**What you need to do**.
Transcribe the data in full and exactly, omitting any pictures.

**Dataset records**.
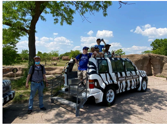
Foster Connections participants exploring at the Zoo!
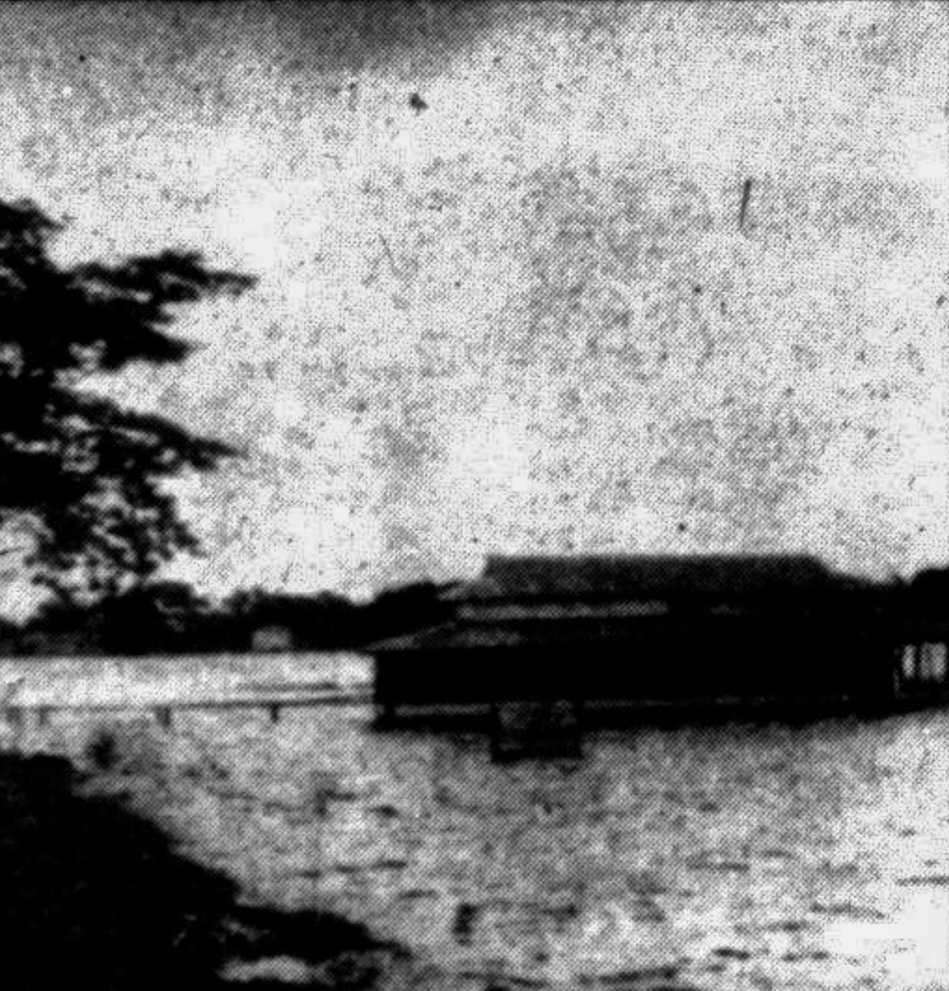
NARAYANGANJ: Dhaka-Chittagong highway is under threat of inundation of flood water has almost reached the road.

According to district administration sources, about 50,000 people belonging to 6,000 families of district have been affected. Over 7,000 houses have been fully damaged and 3,725 houses were partially damaged. A total of 17 kilometres of road have gone under water, while 36 kilometres of road have been partially marooned. Flood waters have so far damaged, fully or partially, about 91 educational institutions including 18 high schools and 73 primary schools, 40 bridges and culverts. Official sources said, standing crops, including Aus, Aman, jute and vegetables on about 12,798 acres of land have been totally damaged and crops on about 12,662 acres were partially damaged. District fisheries department sources said, about 11 hatcheries and about 69 fish-beds worth about Taka 1.53 crore were washed away by flood waters. At least 14 people were killed in flood related incidents in different unions in Arahazar, Bandar, Sonargaon, and Siddhirganj thanas during last one week, the concerned thanas informed. Meanwhile, government
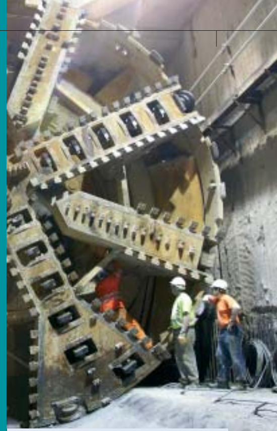
Figure 6 TBM 'Annie' at the Graham Road ventilation shaft, London

Project workers are marking expensive equipment with SmartWater Instant, a clear, water-based solution containing microscopic particles encoded with the owner's information. The SmartWater is invisible to the naked eye, but it shows up under
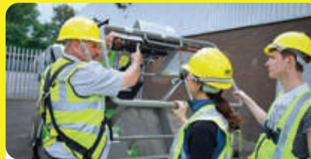
IPAF MOBILE VERTICAL (3A, 3A+) Scissor lifts, Vertical personnel platforms (mobile)

Arbrit Safety Training and Consultancy L.L.C is most recognized for providing IPAF training to professionals over the years. The IPAF training program is specifically designed for platform operators and has been developed by leading industry professionals. Below mentioned are some of the key courses available under this certified training program to enhance your career opportunities. Reach out to us to learn more about course details and other training programs.
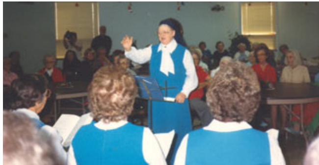
The Jubileers perform for their dynamic director. (circa 1980's)

After 55 years of religious profession, when asked if she would be willing to live this life again, she answers: "Yes, without a doubt!" for Jesus continues to be her life's meaning and goal!
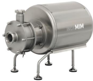
In Line Mixer
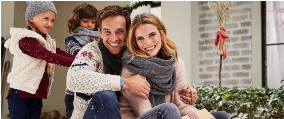
Example 4a: This Oriflame photo clearly shows the subjects together in a family setting
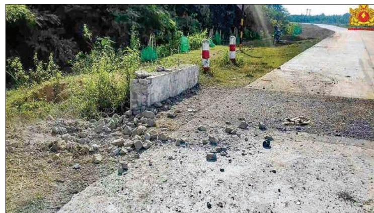
A concrete bridge damaged by landmine explosions on Yangon-Sittway Road in Rakhine State.

Later the same day, another landmine exploded near a concrete bridge between the 116/3 and 116/4 mile markers near Vethali Village and Pauktawpyin Village as seven Tatmadaw convoy trucks approached from
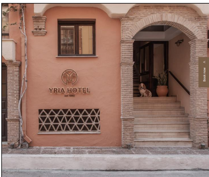
Figure 1: The entrance to the Yria Hotel
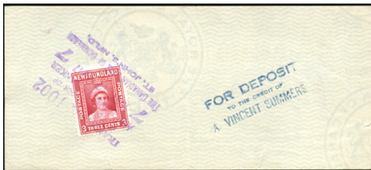
Newfoundland #246 - 3c carmine Royal family issue used as revenue stamp on reverse of 1940's St. John's, Newfoundland Royal Bank of Canada cheque $8 (±US$6.40)
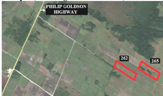
REGISTRATION SECTION Ramonal Zapote/S.E.
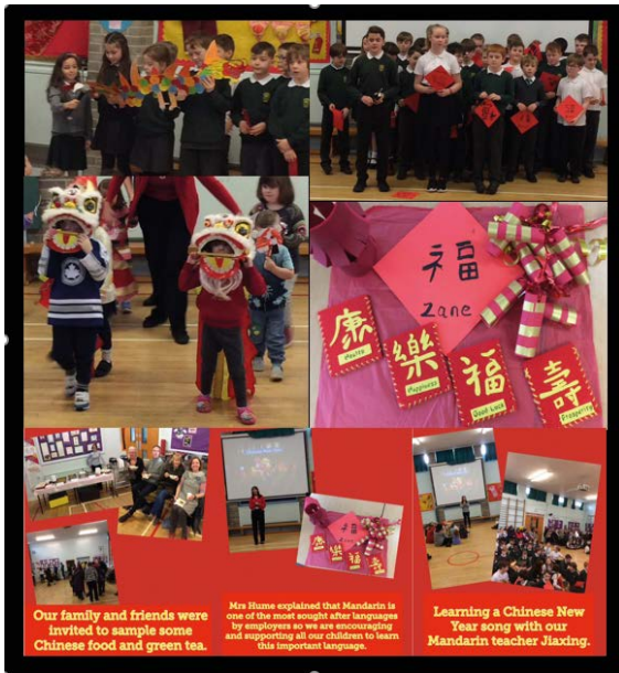
Our family and friends were invited to sample some Chinese food and green tea.
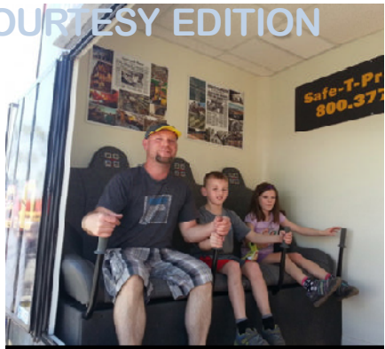
Get a good shaking at 8.0 Magnitude in the Quake Cottage: May 22 in Sooke.

A film called The Convenient Groom was in production this week in Sooke at the Prestige Oceanfront Resort, making a bit of a local splash with actors Vanessa Marcil (General Hospital, Beverly Hills 90210) and David Sutcliffe (Gilmore Girls). WSV
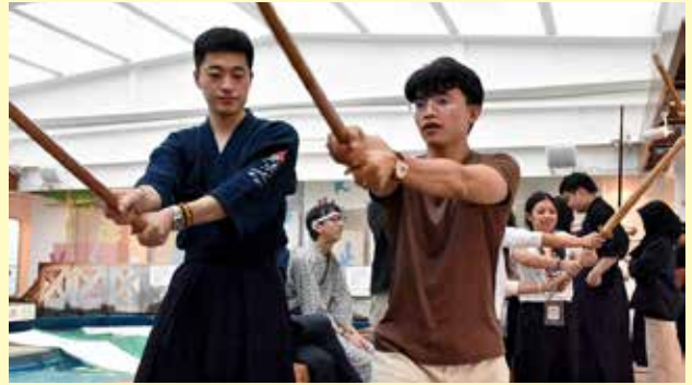
[S22] "Spirit of Japanese DOU" by Japan
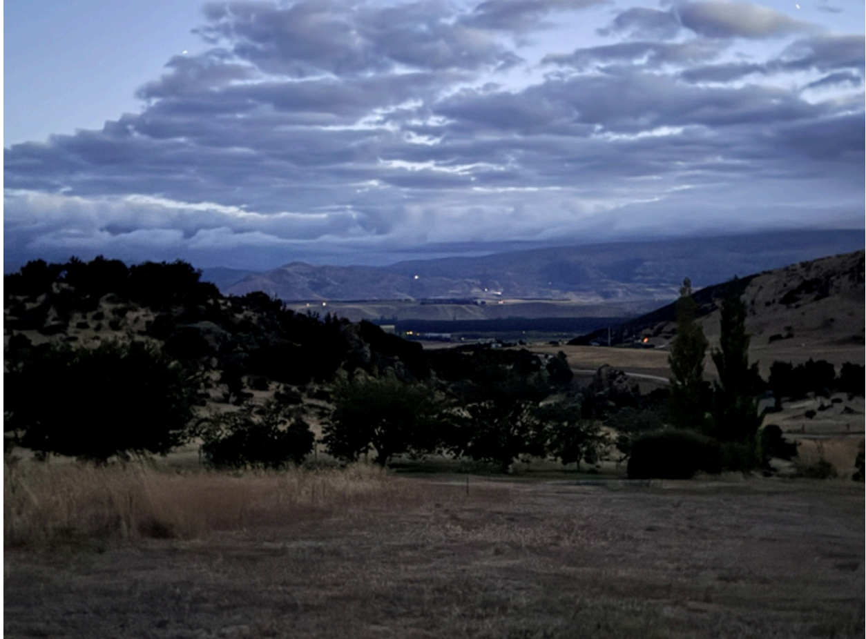
Photo 1 : taken at 9:04pm, without external lighting, note the unidentified light source observed on the hill, this is on the proposed Adgour Track route from what we could observe

**Completed exercise**.
Foster Connections participants exploring at the Zoo!
NARAYANGANJ: Dhaka-Chittagong highway is under threat of inundation of flood water has almost reached the road.

According to district administration sources, about 50,000 people belonging to 6,000 families of district have been affected. Over 7,000 houses have been fully damaged and 3,725 houses were partially damaged. A total of 17 kilometres of road have gone under water, while 36 kilometres of road have been partially marooned. Flood waters have so far damaged, fully or partially, about 91 educational institutions including 18 high schools and 73 primary schools, 40 bridges and culverts. Official sources said, standing crops, including Aus, Aman, jute and vegetables on about 12,798 acres of land have been totally damaged and crops on about 12,662 acres were partially damaged. District fisheries department sources said, about 11 hatcheries and about 69 fish-beds worth about Taka 1.53 crore were washed away by flood waters. At least 14 people were killed in flood related incidents in different unions in Arahazar, Bandar, Sonargaon, and Siddhirganj thanas during last one week, the concerned thanas informed. Meanwhile, government
Figure 6 TBM 'Annie' at the Graham Road ventilation shaft, London

Project workers are marking expensive equipment with SmartWater Instant, a clear, water-based solution containing microscopic particles encoded with the owner's information. The SmartWater is invisible to the naked eye, but it shows up under
IPAF MOBILE VERTICAL (3A, 3A+) Scissor lifts, Vertical personnel platforms (mobile)

Arbrit Safety Training and Consultancy L.L.C is most recognized for providing IPAF training to professionals over the years. The IPAF training program is specifically designed for platform operators and has been developed by leading industry professionals. Below mentioned are some of the key courses available under this certified training program to enhance your career opportunities. Reach out to us to learn more about course details and other training programs.
The Jubileers perform for their dynamic director. (circa 1980's)

After 55 years of religious profession, when asked if she would be willing to live this life again, she answers: "Yes, without a doubt!" for Jesus continues to be her life's meaning and goal!
In Line Mixer
Example 4a: This Oriflame photo clearly shows the subjects together in a family setting
A concrete bridge damaged by landmine explosions on Yangon-Sittway Road in Rakhine State.

Later the same day, another landmine exploded near a concrete bridge between the 116/3 and 116/4 mile markers near Vethali Village and Pauktawpyin Village as seven Tatmadaw convoy trucks approached from
Figure 1: The entrance to the Yria Hotel
Newfoundland #246 - 3c carmine Royal family issue used as revenue stamp on reverse of 1940's St. John's, Newfoundland Royal Bank of Canada cheque $8 (±US$6.40)
REGISTRATION SECTION Ramonal Zapote/S.E.
Our family and friends were invited to sample some Chinese food and green tea.
Get a good shaking at 8.0 Magnitude in the Quake Cottage: May 22 in Sooke.

A film called The Convenient Groom was in production this week in Sooke at the Prestige Oceanfront Resort, making a bit of a local splash with actors Vanessa Marcil (General Hospital, Beverly Hills 90210) and David Sutcliffe (Gilmore Girls). WSV
[S22] "Spirit of Japanese DOU" by Japan
Photo 1 : taken at 9:04pm, without external lighting, note the unidentified light source observed on the hill, this is on the proposed Adgour Track route from what we could observe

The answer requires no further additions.